La segunda opción que me compraría sería la XBOX360, pero como no me voy a comprar 2 pues...

La que nunca me compraría sería la PS3, me parece que se han adelantado mucho con el blu-ray y por ello les está castigando su precio. Además de copiar a Nintento, como por ejemplo el 'Sixaxis' que según Sony la idea la tuvieron hace muchos años, pero la sacaron a las semanas de que lo sacara Nintendo y lo mismo con los Miis y el paseo de los Miis, que copia Sony con el Home, también una idea que tenían de hace mucho tiempo, jajaja
La verdad es que su precio es insuperable y no lo van a poder bajar en mucho tiempo, los juegos que tienen tampoco son para tirar cohetes (y más ahora que las third parties están desarrollando para wii, cosa increíble). Y lo de sacar los mandos sin vibración también fue para cubrirse de gloria, jajaja
Que conste que no soy anti-sony, que tengo la PSP, pero es que el que desarrollo la consola se cree que vivimos en el 2020.

----------


## Franmanzaneda

Pues qué queréis que os diga... tengo la ps2 y la psp y me encantaría pillarme la PS3!!!!!

----------


## Gonzalo Orellana

> El MarioKart de la Supernintendo aún no tiene rival!
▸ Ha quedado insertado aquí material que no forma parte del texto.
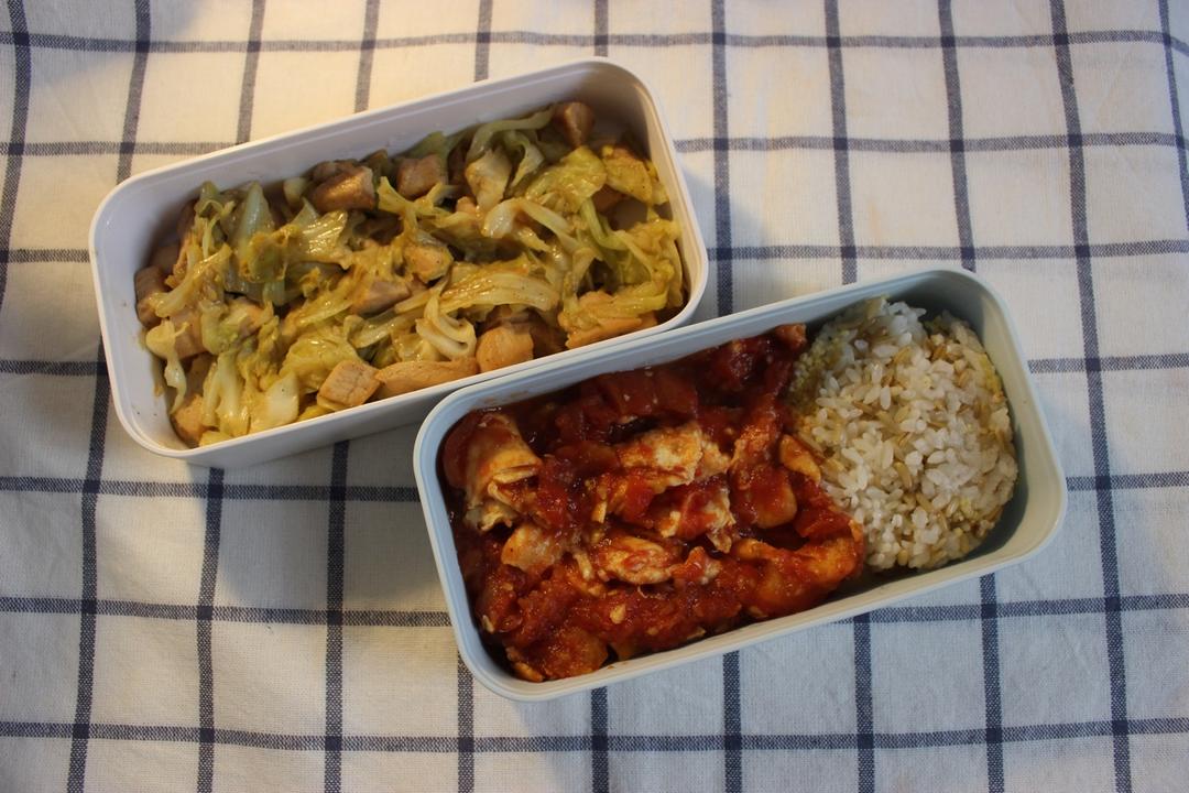 鸡肉卷心菜+番茄炒蛋+杂粮饭

Dí que si. Vaya vicios que me pegaba yo a ese juego. 
 :D 

También me acuerdo de mis tiempos con el pokemos amarillo en la gameboy... Los pokemon de ahora son una mierda, y además ¿Cuántos son ya? Creo que he perdido la cuenta   :Lol:   :Lol:

----------


## Chiva

Con que compraras el Mario Kart y el Super Smash Bros. ya tenías diversión para toda la generación de esa consola.

----------


## Mindcraft

> Super Mario worllllllld!


Aguante el super mario world para supernintendo!!

Yo me compraria la xbox 360, ya que un tipo que la tiene y yo vi sus juegos tienen espectaculares graficos (o por lo menos los que vi).Aunque no se si me la compraria.

----------